What to work on ::
Lines before the one containing "رُوحَهُ وَمَا أَشْعُرُ))." are not wanted; restate the rest below word for word, through the last line, but drop any pictures.

Information supplied ::
__________________________________________________
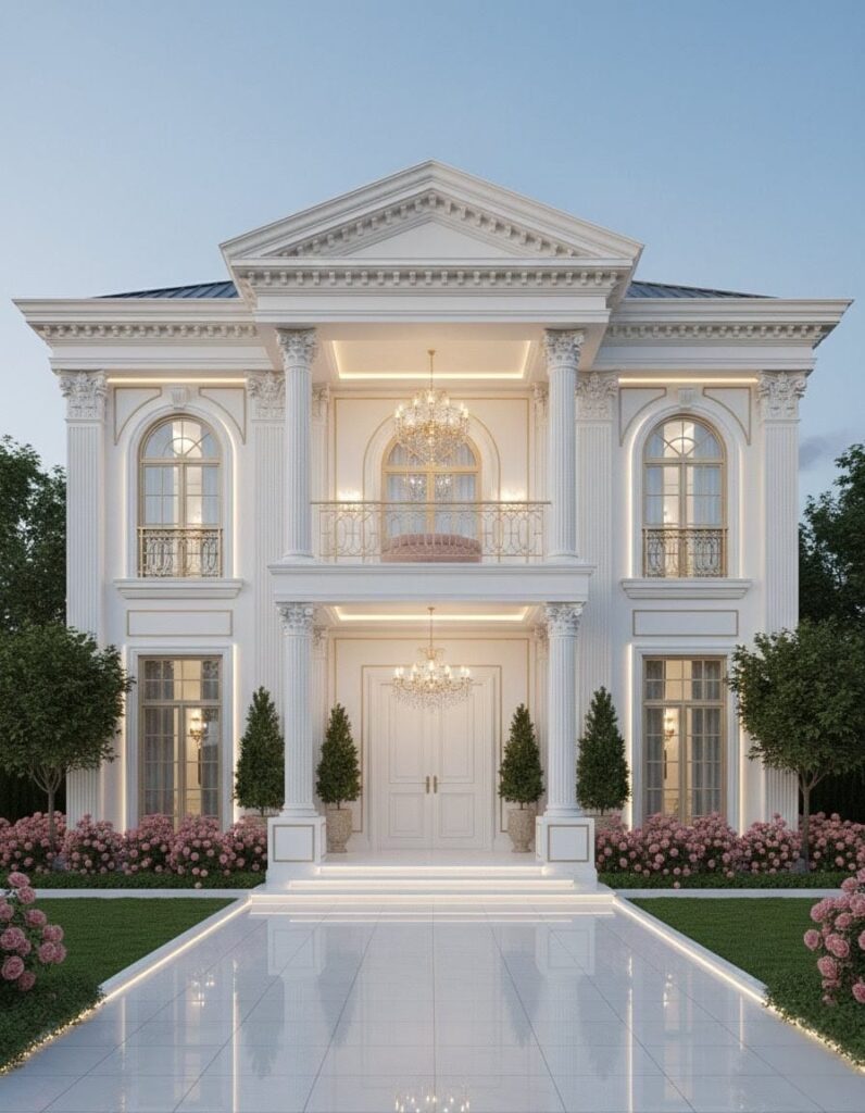 Designing a luxury pink & white theme house is about mixing elegance with comfort. This style, often called Neoclassical or Regencycore, gives your home a royal, modern look.
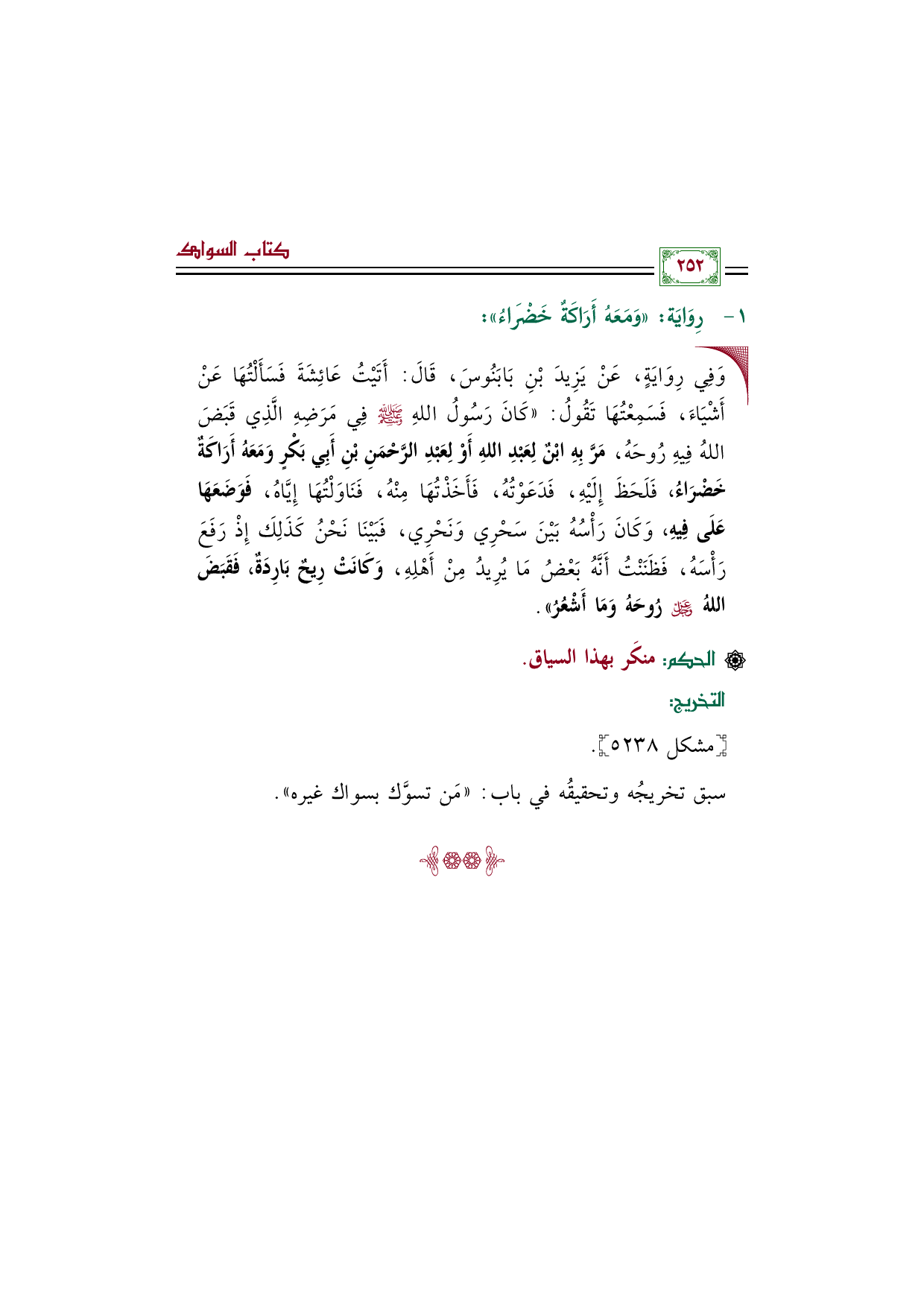 • وَفِي رِوَايَةٍ، عَنْ يَزِيدَ بْنِ بَابَنُوسَ، قَالَ: أَتَيْتُ عَائِشَةَ فَسَأَلْتُهَا عَنْ أَشْيَاءَ، فَسَمِعْتُهَا تَقُولُ: ((كَانَ رَسُولُ اللهِ صَلَّى اللهُ عَلَيْهِ وَسَلَّمَ فِي مَرَضِهِ الَّذِي قَبَضَ اللهُ فِيهِ رُوحَهُ، مَرَّ بِهِ ابْنٌ لِعَبْدِ اللهِ أَوْ لِعَبْدِ الرَّحْمَنِ بْنِ أَبِي بَكْرٍ وَمَعَهُ أَرَاكَةٌ خَضْرَاءُ، فَلَحَظَ إِلَيْهِ، فَدَعَوْتُهُ، فَأَخَذْتُهَا مِنْهُ، فَنَاوَلْتُهَا إِيَّاهُ، فَوَضَعَهَا عَلَى فِيهِ، وَكَانَ رَأْسُهُ بَيْنَ سَحْرِي وَنَحْرِي، فَبَيْنَا نَحْنُ كَذَلِكَ إِذْ رَفَعَ رَأْسَهُ، فَظَنَنْتُ أَنَّهُ بَعْضُ مَا يُرِيدُ مِنْ أَهْلِهِ، وَكَانَتْ رِيحٌ بَارِدَةٌ، فَقَبَضَ اللهُ عَزَّ وَجَلَّ رُوحَهُ وَمَا أَشْعُرُ)).
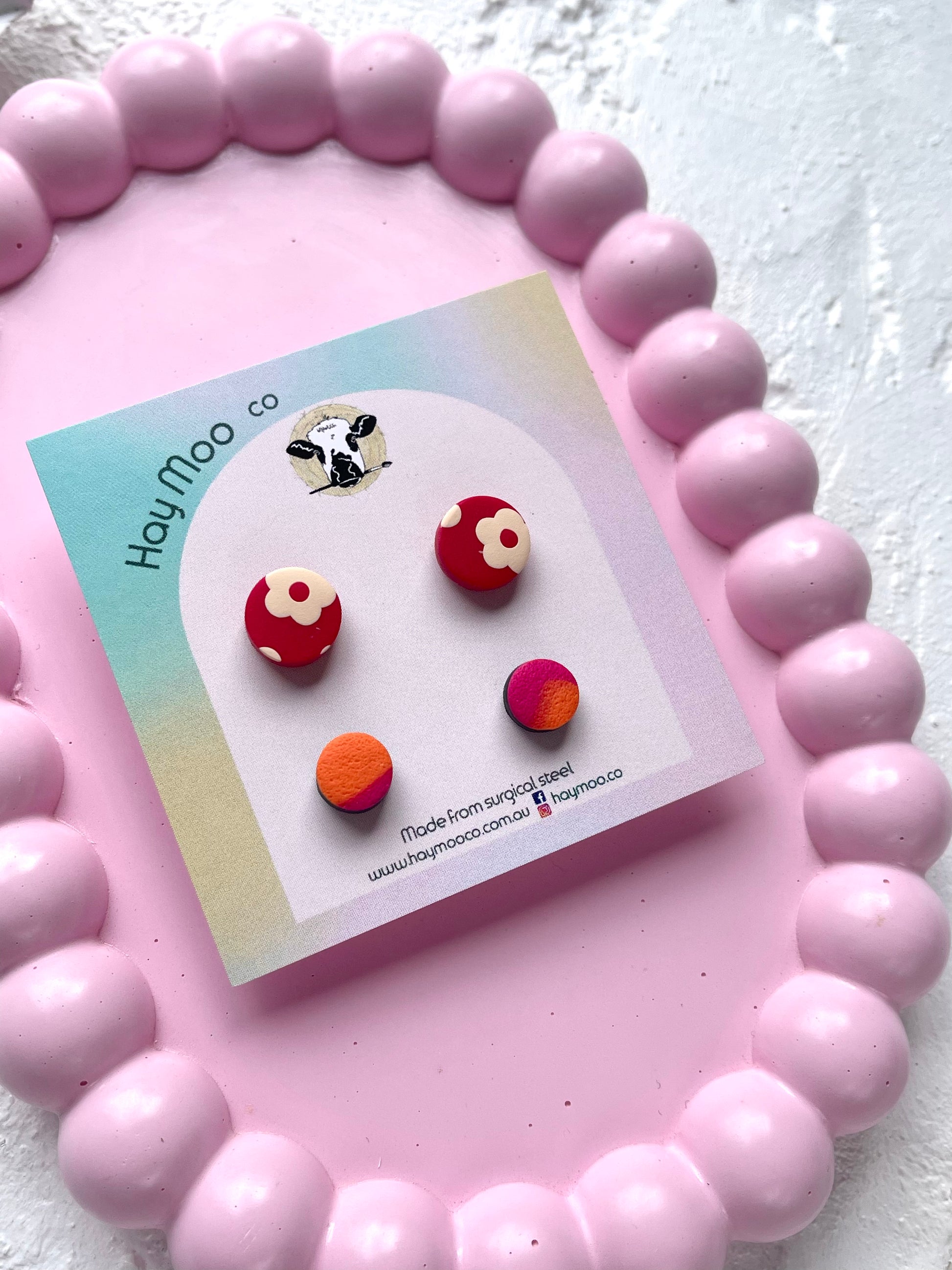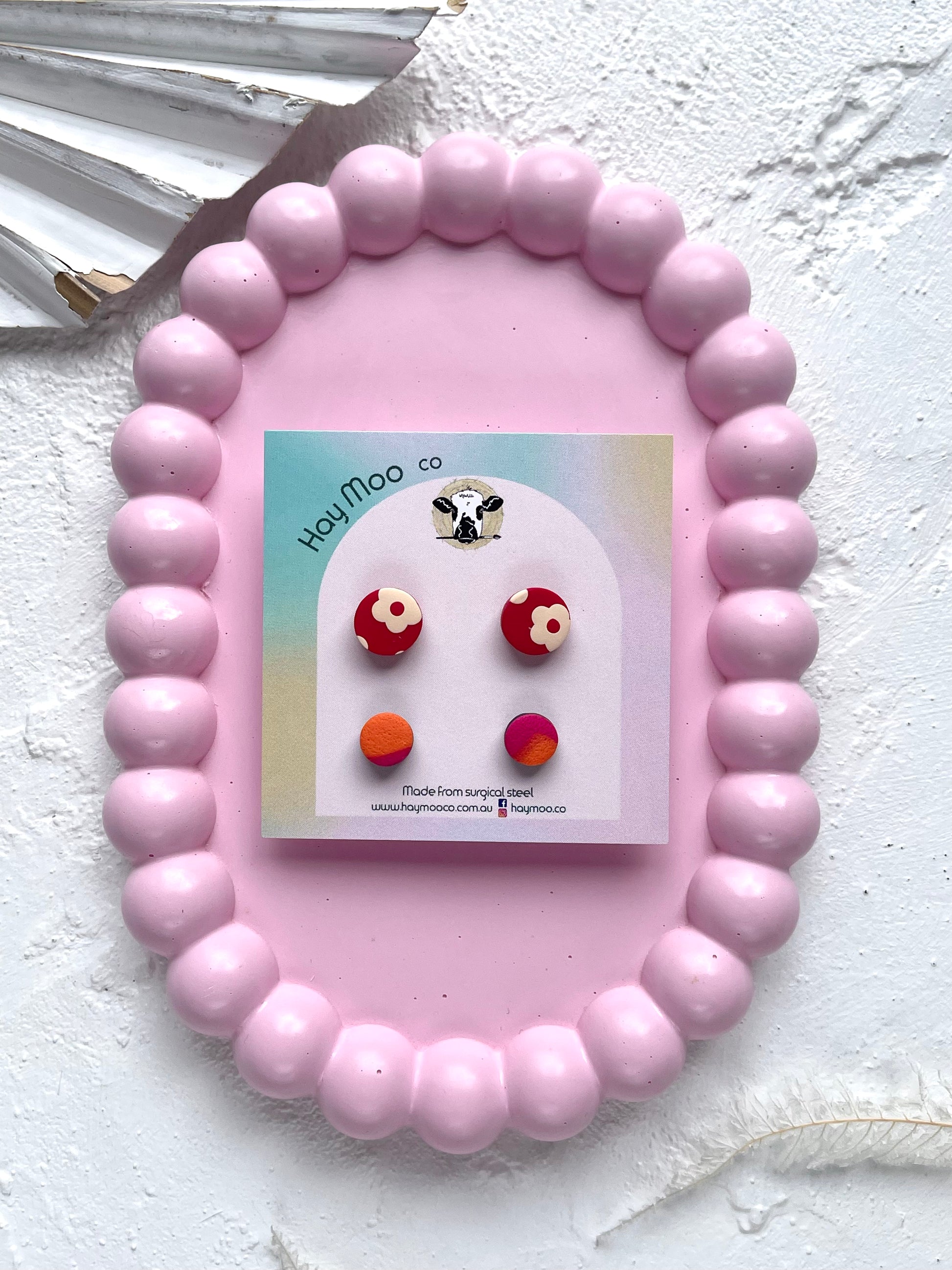 Handmade polymer clay earrings from the 'Stud Pack' range.
__________________________________________________
Written answer ::
 • وَفِي رِوَايَةٍ، عَنْ يَزِيدَ بْنِ بَابَنُوسَ، قَالَ: أَتَيْتُ عَائِشَةَ فَسَأَلْتُهَا عَنْ أَشْيَاءَ، فَسَمِعْتُهَا تَقُولُ: ((كَانَ رَسُولُ اللهِ صَلَّى اللهُ عَلَيْهِ وَسَلَّمَ فِي مَرَضِهِ الَّذِي قَبَضَ اللهُ فِيهِ رُوحَهُ، مَرَّ بِهِ ابْنٌ لِعَبْدِ اللهِ أَوْ لِعَبْدِ الرَّحْمَنِ بْنِ أَبِي بَكْرٍ وَمَعَهُ أَرَاكَةٌ خَضْرَاءُ، فَلَحَظَ إِلَيْهِ، فَدَعَوْتُهُ، فَأَخَذْتُهَا مِنْهُ، فَنَاوَلْتُهَا إِيَّاهُ، فَوَضَعَهَا عَلَى فِيهِ، وَكَانَ رَأْسُهُ بَيْنَ سَحْرِي وَنَحْرِي، فَبَيْنَا نَحْنُ كَذَلِكَ إِذْ رَفَعَ رَأْسَهُ، فَظَنَنْتُ أَنَّهُ بَعْضُ مَا يُرِيدُ مِنْ أَهْلِهِ، وَكَانَتْ رِيحٌ بَارِدَةٌ، فَقَبَضَ اللهُ عَزَّ وَجَلَّ رُوحَهُ وَمَا أَشْعُرُ)).
 Handmade polymer clay earrings from the 'Stud Pack' range.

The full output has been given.